Soooo, guess who’s the dumbarse who totes picked a tinnie based on its purty label! Was expecting a watermelony gose like the one I’d tried at Bar SK but accidentally got one that tastes like seaweed and a bitter lager – which is actually the pilsner influence! And no, the seaweed isn’t gross, and – bear with me – isn’t awful! Goses are supposed to be salty anyway, and this had that savoury, clean Mex-lagerish thing happening that went well with my matcha ice cream splurge. It’s sort of sad that just as I was really digging ‘Down She Gose’, it finished!

Just as it was starting to warm up and get less lager-pilsnerish, it was GONE. Having said that, in terms of gose-country, it’s not that salty or sour, but that might make it an entry-level beer into that style (protip: now you know what to get for your beer-nerdy family member/friend/colleague etc.).

If you have a perv on their website, they have quite a few fab tinnies (the grapefruit and marigold saison sounds divine?!). Anyway, keep an open mind and palate! Seaweed-salty low-booze beer is way better than you think it’d sound. Besides, this is Melbourne, we’re used to assaulting newfangled sensations!
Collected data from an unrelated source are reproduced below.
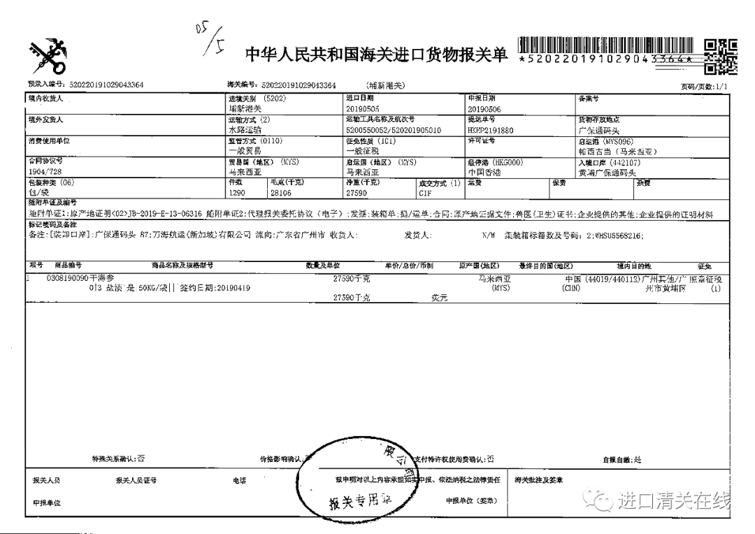 海参(全球多国)的正规进口报关案例
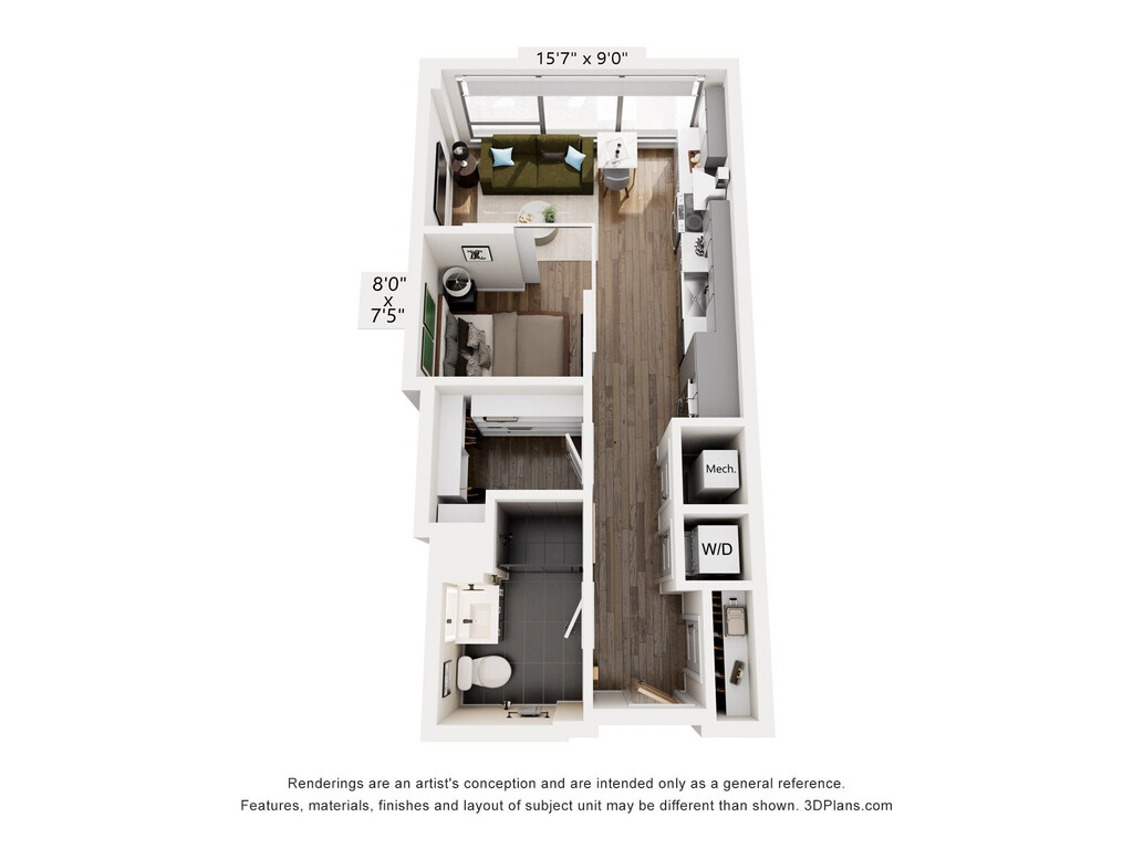 Studio, 1 Bath, 584 sq ftAvailable NowModel Gallery
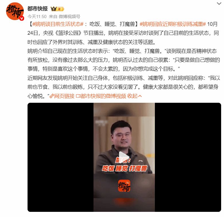 面对主持人关于精神状态是否更为放松的提问,姚明表示:“压力来自于你想做成这件事。所以你说没有压力,实际上就是因为现在的目标就是吃饭、睡觉、打魔兽。”他强调,只要是做自己喜欢的事情,就不会感到太累。针对外界对他近期健身减重的关注,姚明回应称:“我以前也节食、以前也锻炼,只不过大家没看见罢了。”他进一步表示,健康是大家都关心的,每个人都希望身心愉悦。
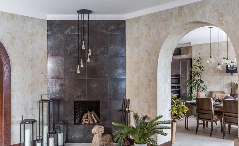 - Теплый свет встроенных ламп позволяет текстуре «дикого» камня раскрыться и заиграть, а полутени от подвесных светильников добавляют помещению сказочность и мистику. Для напольного покрытия выбран шифер с оттенком ржавчины, который хорошо сочетается с цветом стен.
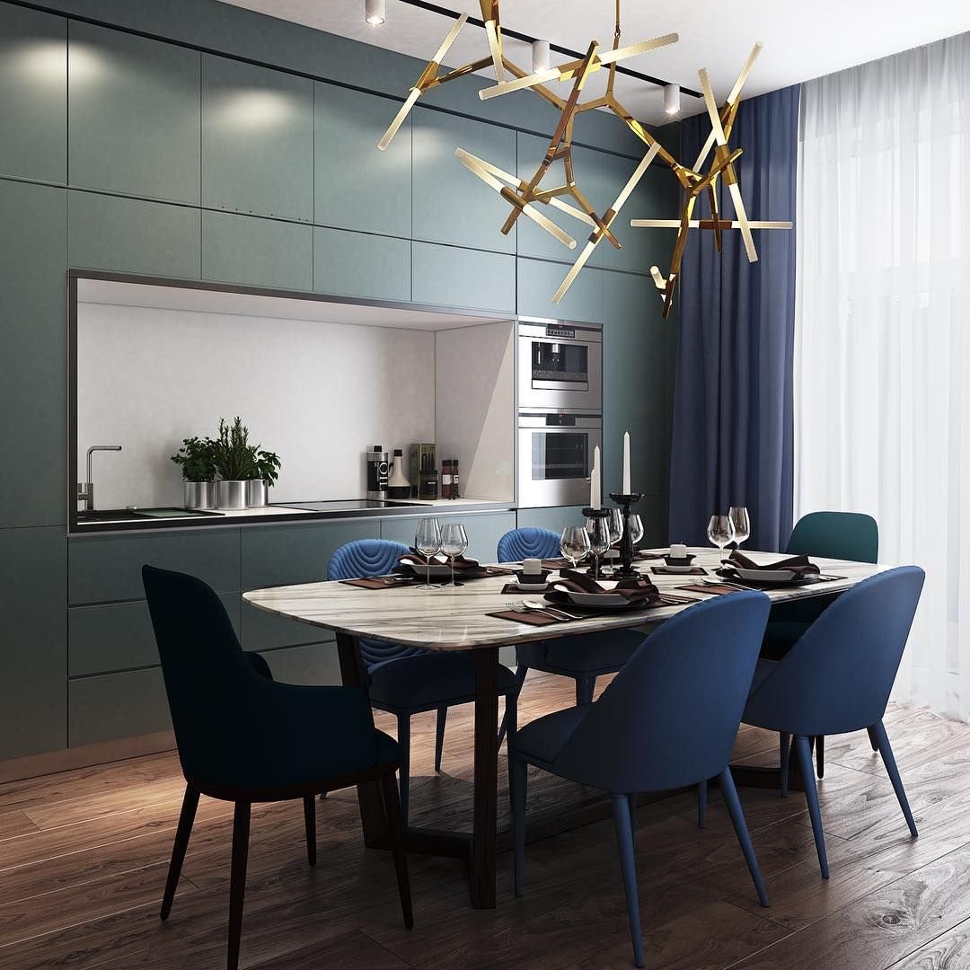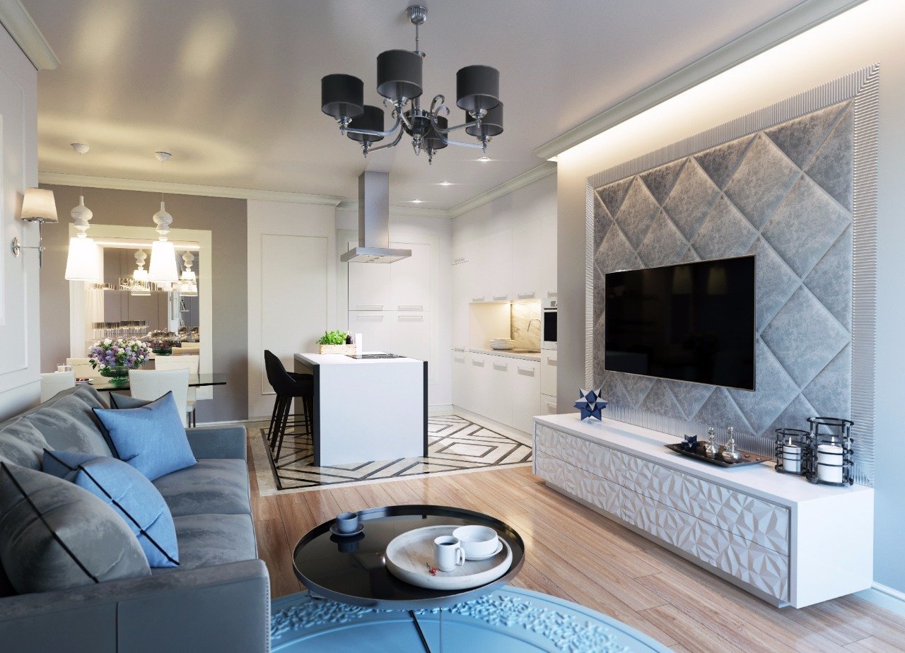 Кухня гостиная в холодных оттенках
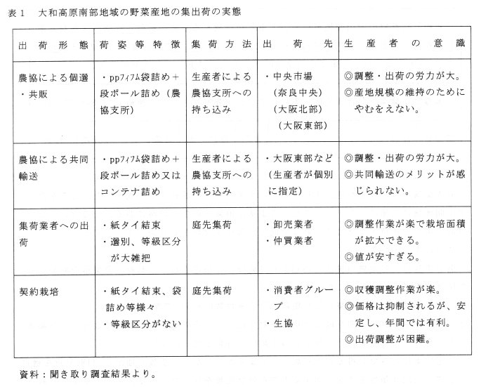 - 本県中山間野菜産地である大和高原南部地域のホウレンソウを中心とした野菜の流通実態を調査し、農協系統外の多様な出荷組織が庭先集荷と包装の簡便化によって生産者を引きつけていること、農協としては、パート労働または包装機を導入した共選場の設立が必要であることを明らかにした。
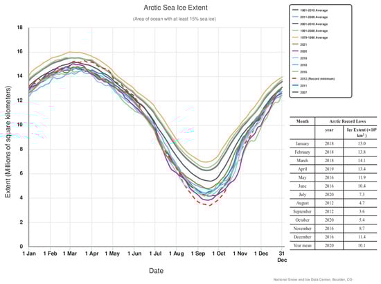 Per ten-year variation in the annual cycle of Arctic Sea ice extent with eight lowest sea ice years (e.g., 2007, 2011, 2012, 2016, 2018, 2019, 2020, 2021). Figure and Table is from the National Snow and Ice Data Center (NSIDC; https://nsidc.org/arcticseaicenews/charctic-interactive-sea-ice-graph/, accessed on 1 June 2024) and ref. [].
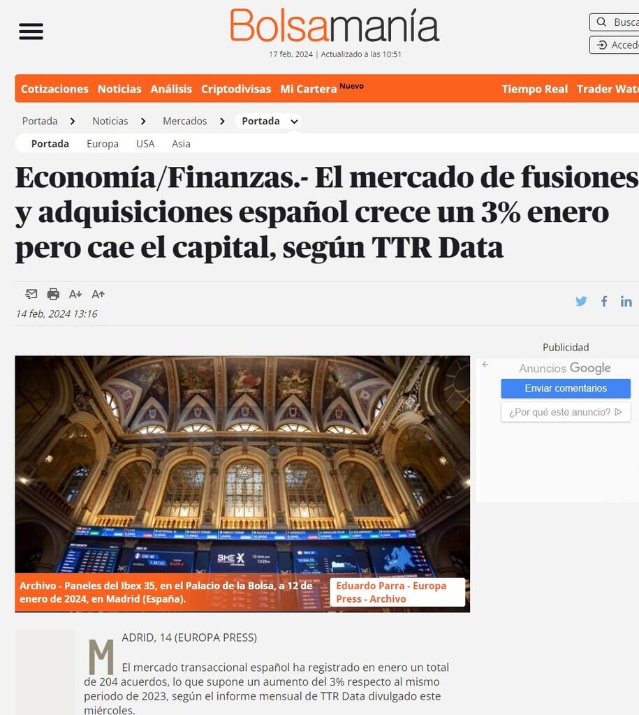 El informe de TTR DATA también publica los rankings de asesoramiento financiero y jurídico de 2024 en fusiones y adquisiciones, 'private equity', 'venture capital' y mercado de capitales, donde se informa de la actividad de las firmas destacadas por número de transacciones y por importe de las mismas.
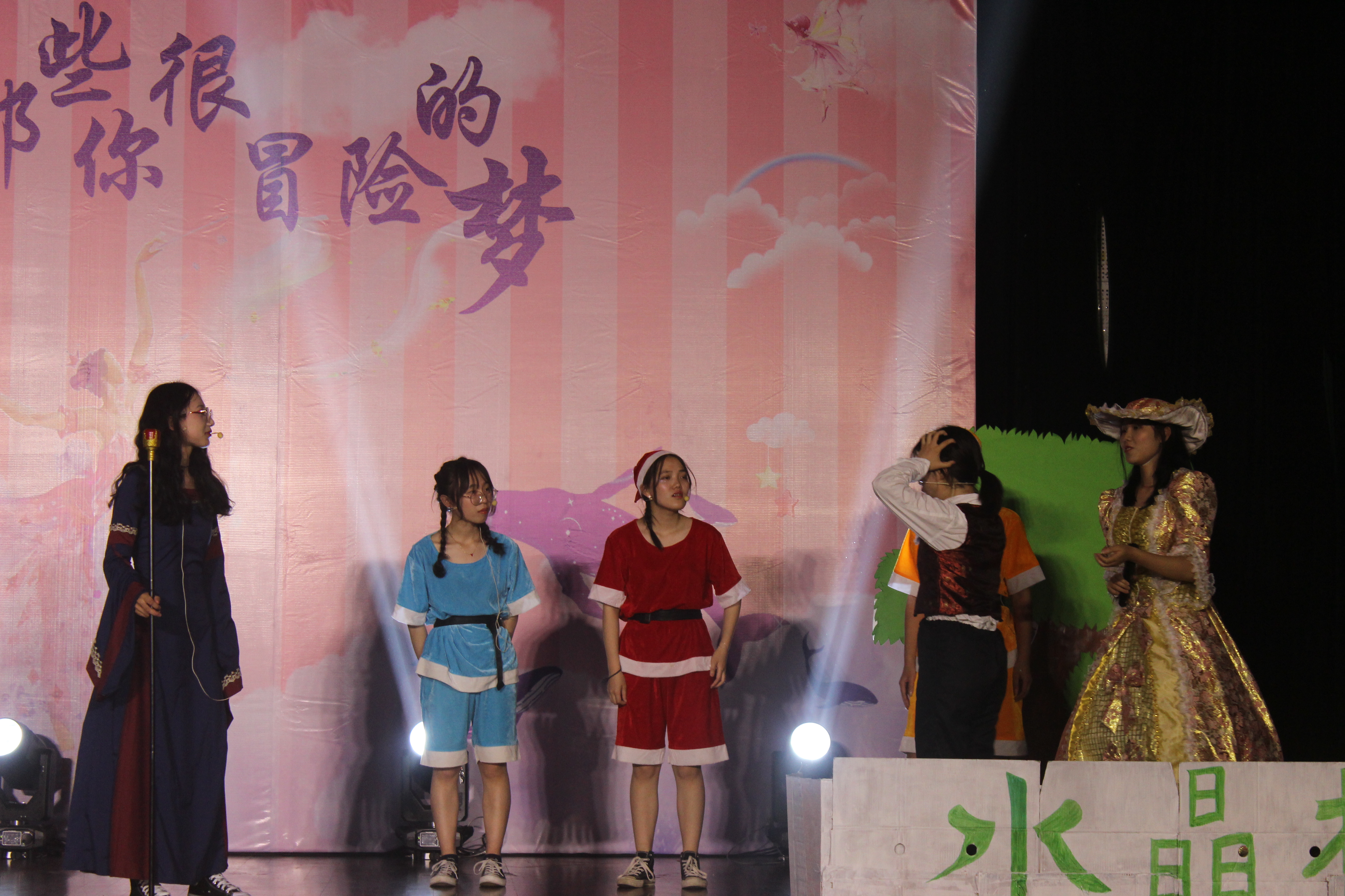 大赛开始前,首先播放了各班级班副的采访视频。共有五位班副出镜,他们都表达了对班级和同学美好的祝愿。接着是由野百合艺术团带来的开场舞,大气优美的舞姿揭开了本次大赛的序幕。大赛正式开始后,首先上场的是环食181班,他们带来的表演是《凡星公寓》。该表演由两幕组成,为观众们展现了年轻人们之间的友谊,生活无论怎样,总有朋友常伴左右。接下来由环食182班带来的《夏洛特烦恼》,该剧展现了难忘的校园记忆、蓦然回首的真爱。通过一幕又一幕的剧情推进,将带来正能量的"爱与梦想"的故事主题不断深化,观众们在欢笑与感动中见证那段时光,也由此认真思考人生。第三个上台的班级是生科181班。他们带来的是《不一样的童话》。该剧由童话故事改编。将传统的《白雪公主》,《青蛙王子》等故事联合演绎。呈现出不一样的精彩,传递一样的“真善美”价值观。到此,上半场的表演全部结束。
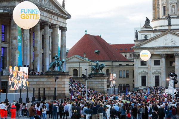 Und schließlich sang gegen Ende des Festivals das Publikum drinnen und draußen gemeinsam die „Ode an die Freude“, nachdem das European Union Youth Orchestra, der Ernst-Senff-Chor und die Solisten unter Leitung von Vasiliy Petrenko bravourös Beethovens 9. Symphonie aufgeführt hatten – mit modernster Technik gleichzeitig live auf den Gendarmenmarkt übertragen.
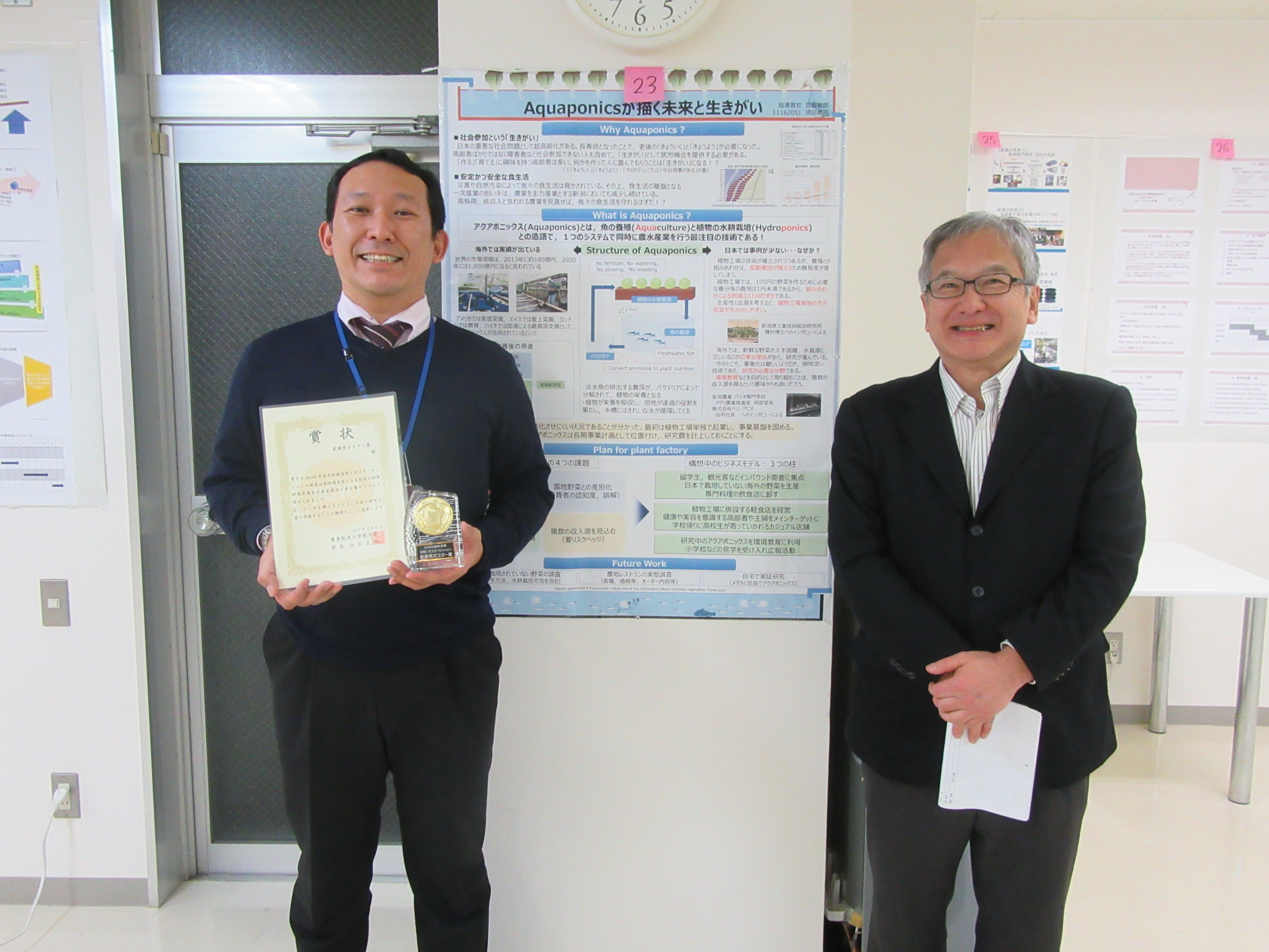 最後に聴講者一同で最優秀ポスター賞と優秀ポスター賞を投票した結果、最優秀ポスター賞には株式会社富士通新潟システムズの須田義宗さん(宮島教授ゼミ所属)が選ばれ、優秀ポスター賞には新潟コンピュータ専門学校の綿貫尚吾さん(丸山准教授ゼミ所属)が選ばれました。

In acknowledging that not everyone wants to drink alcohol, a great non-alcoholic alternative might be genmaicha (Japanese roasted rice green tea). Of course it goes well with sushi, and light, subtle flavours. Hit me up with hiyayakko right now, please!

*sings* it’s gonna be alright…with Gigiiiiiiii…

*worth watching the whole thing, but from 4’24” is why I’ve hotlinked it!